# Opus viri S. Ludovico Regi, dum vivebat, charissimi....



## Diadem

Here's the context:

Page 2 of _actual_ text in Pugio Fidei, Paris edition (1651).
Pugionem Fidei Principi Fidei offero. *Opus viri S. Ludovico Regi, dum vivebat, charissimi Ludovico Principi S. Ludovici nepoti dedico*. Borbonio Principi arma illius Ordinis cudo, in quo, quacumque ingredimur, in aliquam historiam Regiæ stirpis Borboniæ vestigium ponimus. Operam & obsequium Burdegalensis Optatissimo Burdegalæ, & Αquitaniæ Proregi addico inter gaudia Civitatis Tua in salute communi recognoscentis beneficia.

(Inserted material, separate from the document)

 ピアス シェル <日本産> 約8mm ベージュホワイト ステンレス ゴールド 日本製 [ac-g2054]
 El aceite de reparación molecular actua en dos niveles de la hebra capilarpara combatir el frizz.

Ille olim qui cum Ætolis Ennio comite bellavit Fuluius non dubitavit Martis manubias Musis consecrare; licebit nobis Musarum Pugionem, & manubias Marti consecrare.​
I bolded the phrase I'm having a little difficulty with.

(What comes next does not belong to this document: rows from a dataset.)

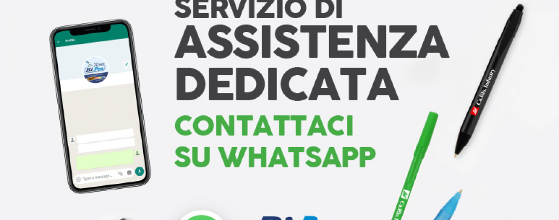 Comunicare direttamente con un assistente commerciale per avere un prodotto quanto più soddisfacente possibile aiuta! Per questo Bi.Pen utilizza un numero WhatsApp diretto, un filo diretto per facilitare il servizio e garantire in tempi rapidi la realizzazione di penne personalizzate. Il numero WhatsApp permette di chiedere maggiori informazioni e delucidazioni direttamente ai nostri assistenti commerciali, che sapranno rispondervi e fornirvi ogni dettaglio di un prodotto che è di...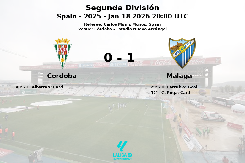Córdoba, Espagne – Le Málaga Club de Fútbol s’est imposé face au Córdoba CF au stade Nuevo Arcángel lors d’un match comptant pour la 22e journée de la Segunda División. L’unique but de David Larrubia à la 29e minute, suite à une action sans passe décisive spécifiée, a suffi à faire pencher la balance en faveur des visiteurs.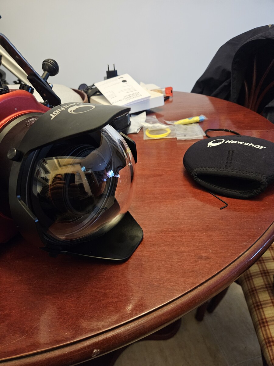 And a little more of info. My HowShot 140 mm glass dome has arrived one week after buying. One week from Taiwan to Spain, not bad at all. I bought it with an extra neoprene cover, so the value for customs was 765 US$. They marked in the customs declaration as a gift, so I paid 10 euros in tariffs. Not a big deal when I was expecting about 200 euros in tariffs. That said, the dome port has nothing to envy Nauticam for, the quality looks fantastic and the lug can be unscrewed, so you can screw the Nauticam lug. Also the shade comes with small allen screws which you can remove and screw for another ones with a plastic grip in order to remove the shade easily. I can't wait to test in the water, but the weather is terrible right now.

"I dedicate the man's work to King Louie while he was living, of the most beloved Prince S. Louis..."

What does the abbreviation "S." signify? 
If one could provide an actual translation, so I can understand what's being said, that would be most helpful.


----------



## XiaoRoel

I dedicate this human work to saint Louis, king while he lived, to dearest Prince Louis, Saint Louis's grandson. 
Sorry for my clumsy English, but this is the meaning of the phrase


----------



## Diadem

Greatly appreciated! I do recall now that Louie IX was canonized as a saint, so that makes complete sense.

Edit: Actually, can you explain your translation a bit? According to your translation, the author is dedicating the human work "to Saint Louis" and "to dearest Prince Louis, Saint Louis' grandson."

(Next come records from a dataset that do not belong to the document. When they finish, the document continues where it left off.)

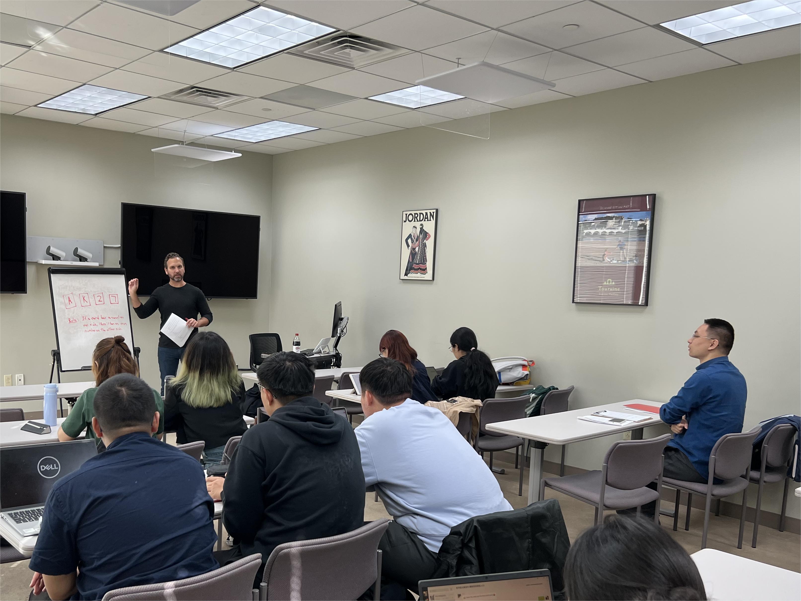 下午,同学们学习了由Alexander Skiles教授带来的逻辑学导论课程。课堂上,Skiles教授以生动有趣的逻辑问题为引,图文并茂,向同学们简略介绍了逻辑学的研究对象,讲解了形式演绎逻辑的基本研究方法,并讨论了逻辑可能性的问题。这些问题对加深同学们对逻辑学的理解、提升逻辑思维能力具有重要意义。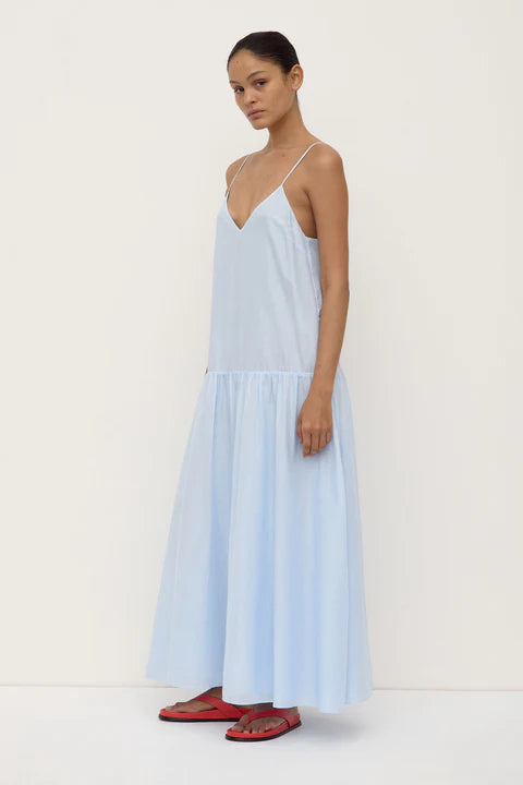 Cut in a maxi length silhouette, the Masie Dress is crafted from a lightweight cotton and is designed for a breezy, relaxed fit. Features a v-neckline, dropped waist and gathered skirt for easy movement.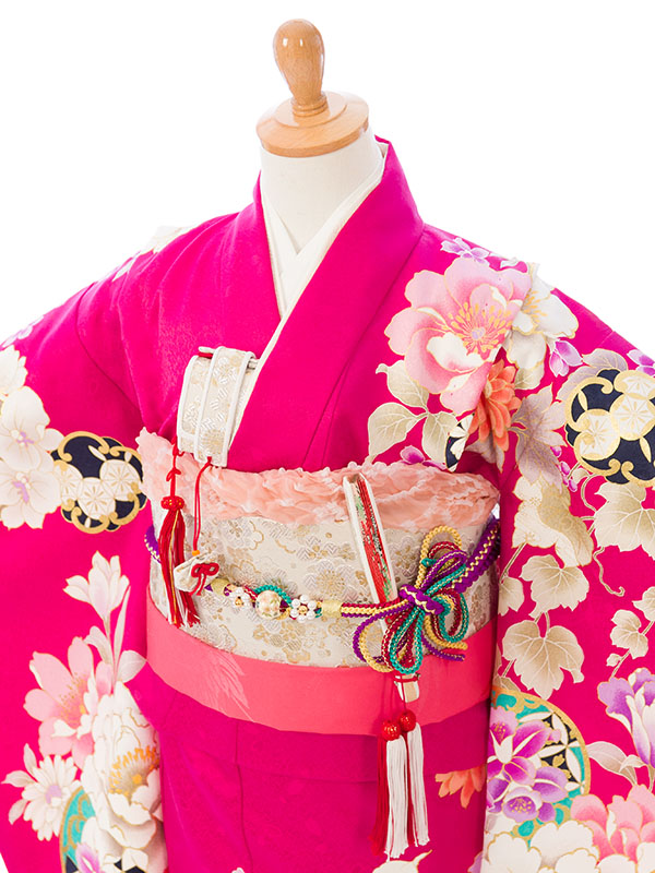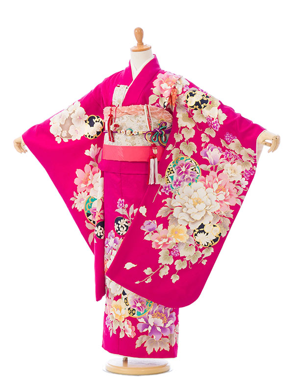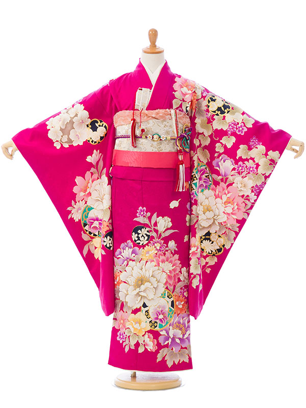 濃ピンク 牡丹に桜 葡萄文様 花丸

Is this really what the Latin is saying, i.e. that he is dedicating it to both?

Isn't _carissimi_ in the genitive case, thus meaning "of the dearest," while the dative ("to the dearest") would have been _carissimo_?

How about the following translation? Is it grammatically correct, and if so, could it be more likely according to the context?

"I dedicate this human creation for St. Louis, king while he was living, to Prince Louis, grandson of the dearest St. Louis."


----------



## jrundin

How about:

I dedicate the ("a"?) work of the ("a"?) man, most dear to Saint Louis while he was alive, to Prince Louis, grandson of Saint Louis. 

The charissimi is agreeing with "viri." They are both genitive.


----------



## Diadem

Very nice. Thank you for your suggestion jrundin.


----------



## jrundin

And I must thank XiaoRoel, who know what "S." stood for. I had no idea.


----------